Table: restaurant_orders

+------------------+----------+
| Column Name      | Type     |
+------------------+----------+
| order_id         | int      |
| customer_id      | int      |
| order_timestamp  | datetime |
| order_amount     | decimal  |
| payment_method   | varchar  |
| order_rating     | int      |
+------------------+----------+
order_id is the unique identifier for this table.
payment_method can be cash, card, or app.
order_rating is between 1 and 5, where 5 is the best (NULL if not rated).
order_timestamp contains both date and time information.

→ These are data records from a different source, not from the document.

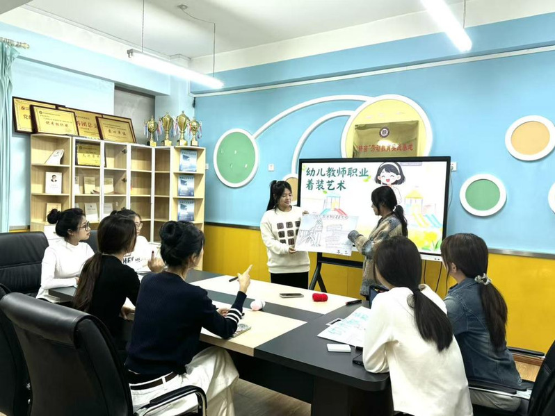 活动开始,主持人围绕幼儿教师着装的职业性、实用性等核心要点进行讲解,为同学们明确讨论及创作方向。随后,各组围绕“幼师职业穿搭”展开热烈交流,通过手绘形式将搭配创意呈现出来。
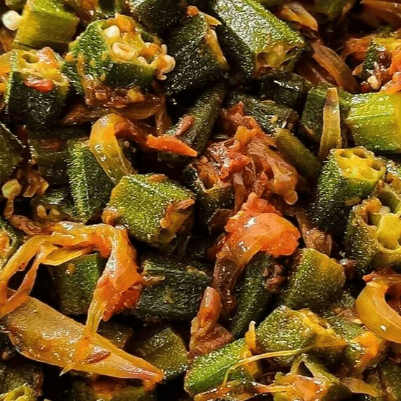Okra cooked with sautéed onions, tomatoes and special herb & spices. Served with rice
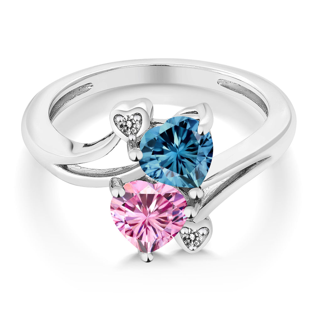 10K White Gold Persian Blue Moissanite and Pink Moissanite and White Diamond Engagement Ring For Women (1.63 Cttw, Gemstone Birthstone, Heart Shape 6MM)
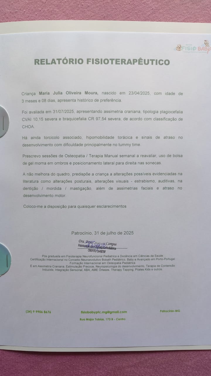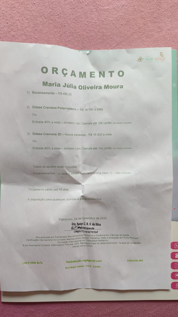 Segundo a mãe, a criança tem assimetria craniana, plagiocefalia e braquicefalia severa e precisa muito usar uma órtese craniana para minha cabecinha voltar ao normal.
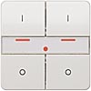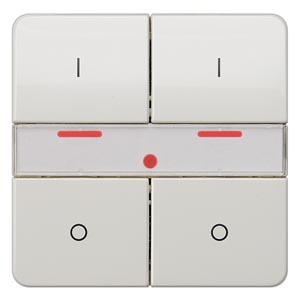 с полем для надписи, символами I/O, подсветкой для ориентации и индикацией состояния, |
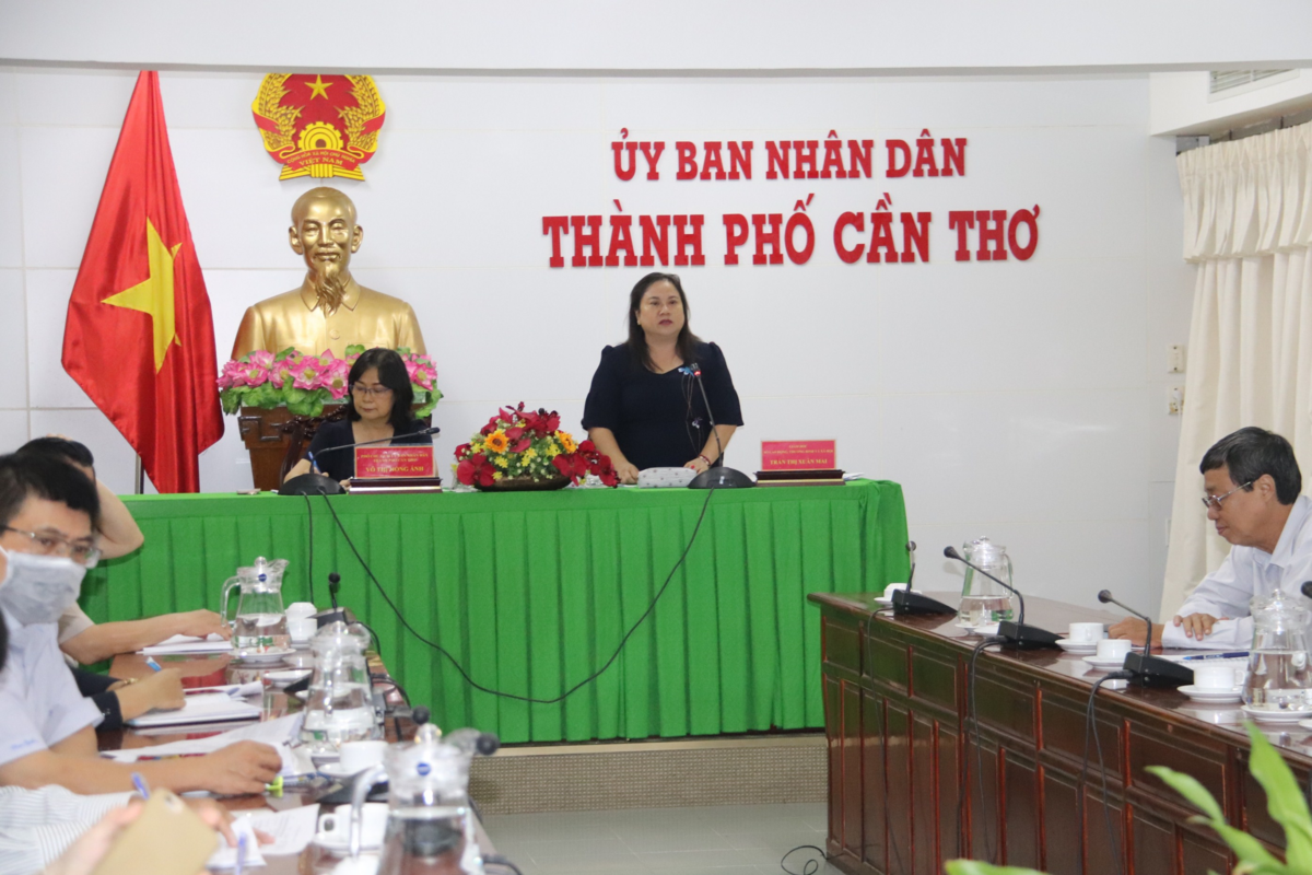 Bà Trần Thị Xuân Mai - Giám đốc Sở LĐTB&XH TP Cần Thơ phát biểu tại cuộc họp.
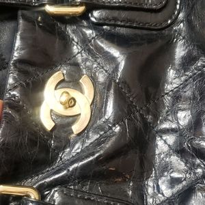 Authentic chanel bag is in good condition. Lambskin leather and aged leather style with gold hardware 16 x 11 x 4
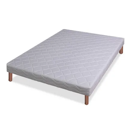 Le coutil stretch contribue à une surface respirante et facile d'entretien. La caisse en pin offre une base rigide et fiable, tandis que la hauteur totale maîtrisée avec pieds à visser facilite l'accès au lit et le passage de l'aspirateur sous la structure. L'emballage soigné avec gouttières carton et housses polyéthylène protège le produit jusqu'à la pièce de destination. Le montage se résume au vissage des pieds, pour une installation rapide dès la réception.
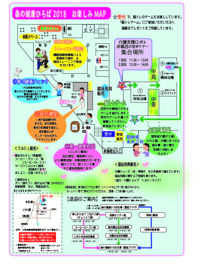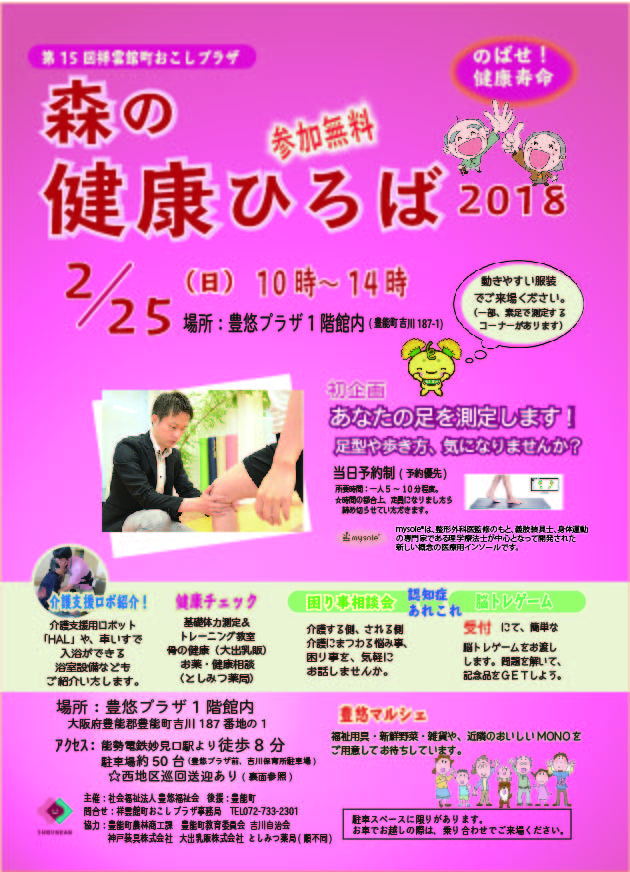 『森の健康ひろば2018』 今年で3回目の開催の『森の健康ひろば』です。 今年も健康寿命を伸ばそう!をテーマに開催します。 【場所】社会福祉法人 豊悠福祉会 豊悠プラザ 大阪府豊能郡豊能町吉川187-1 【アクセス】 能勢電鉄「妙見口駅」下車 徒歩8分 豊能町西地区巡回送迎あります。 【問い合わせ】 電話 072-733-2301 祥雲館町おこしプラザ事務局まで ☆☆主な内容☆☆ ⚫足の測定(マイソール) 協力:神戸装具製作所 ⚫骨の健康チェック 協力:大出乳業さん ⚫薬相談会 協力:としみつ薬局 ⚫介護支援ロボット&お風呂場見学会 ⚫認知症あれこれ ちょっとしたこと相談会 他 イートイン&休憩スペースあります。 ⚫コーヒー、甘酒、ぜんざい、緑豆ぜんざい 販売。 ⚫豊悠マルシェ こんにゃく、パン、炊き込みごはん、 新鮮野菜 など販売します。
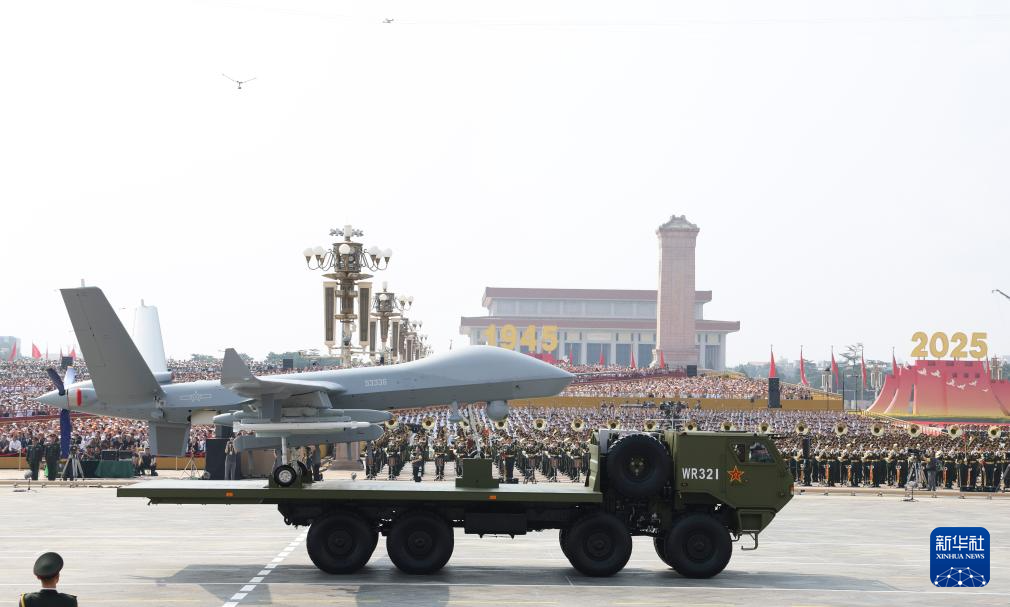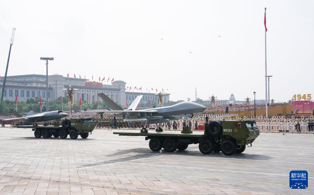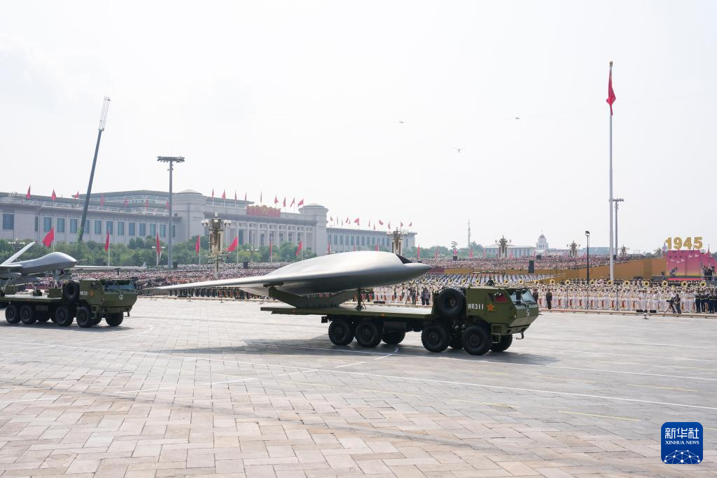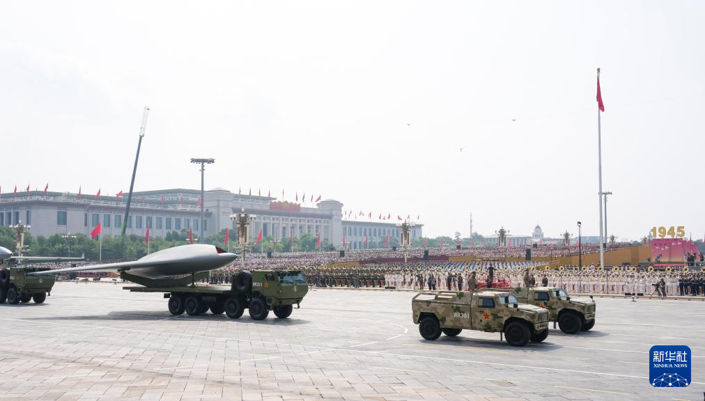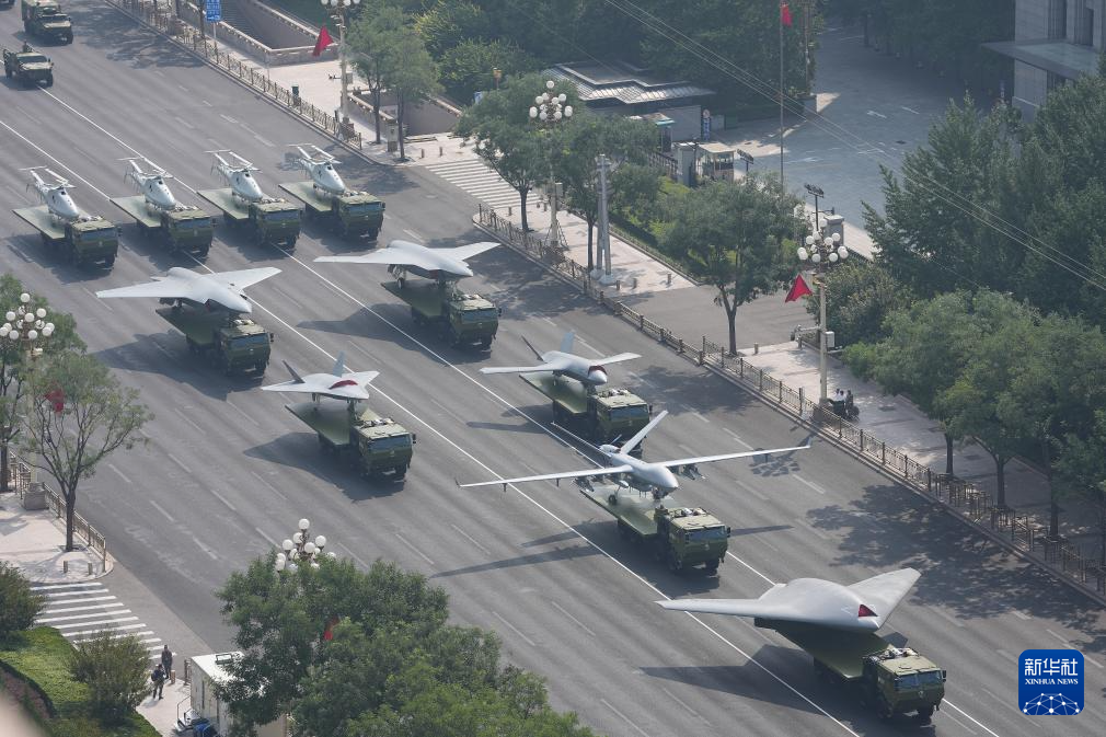 9月3日,纪念中国人民抗日战争暨世界反法西斯战争胜利80周年大会在北京隆重举行。这是空中无人作战方队通过天安门广场。
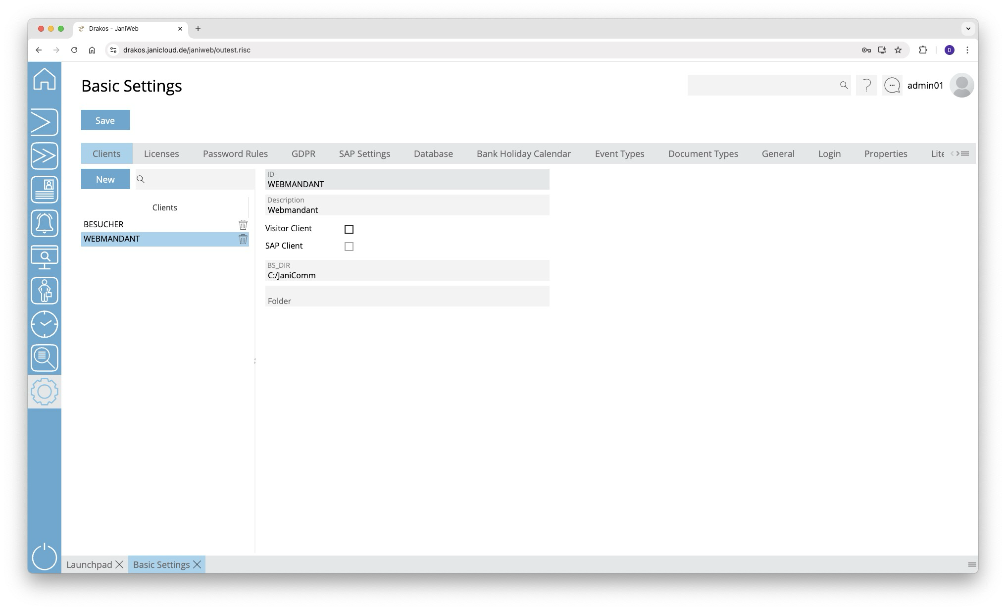 This is where you manage different clients in the system. Clients describe the origin of the data and are linked to the objects (e.g. persons, devices, device groups, etc.). The list contains the clients that have already been created. Select an entry to view details.

Write a solution to find golden hour customers - customers who consistently order during peak hours and provide high satisfaction. A customer is a golden hour customer if they meet ALL the following criteria:

  • Made at least 3 orders.
  • At least 60% of their orders are during peak hours (11:00-14:00 or 18:00-21:00).
  • Their average rating for rated orders is at least 4.0, round it to 2 decimal places.
  • Have rated at least 50% of their orders.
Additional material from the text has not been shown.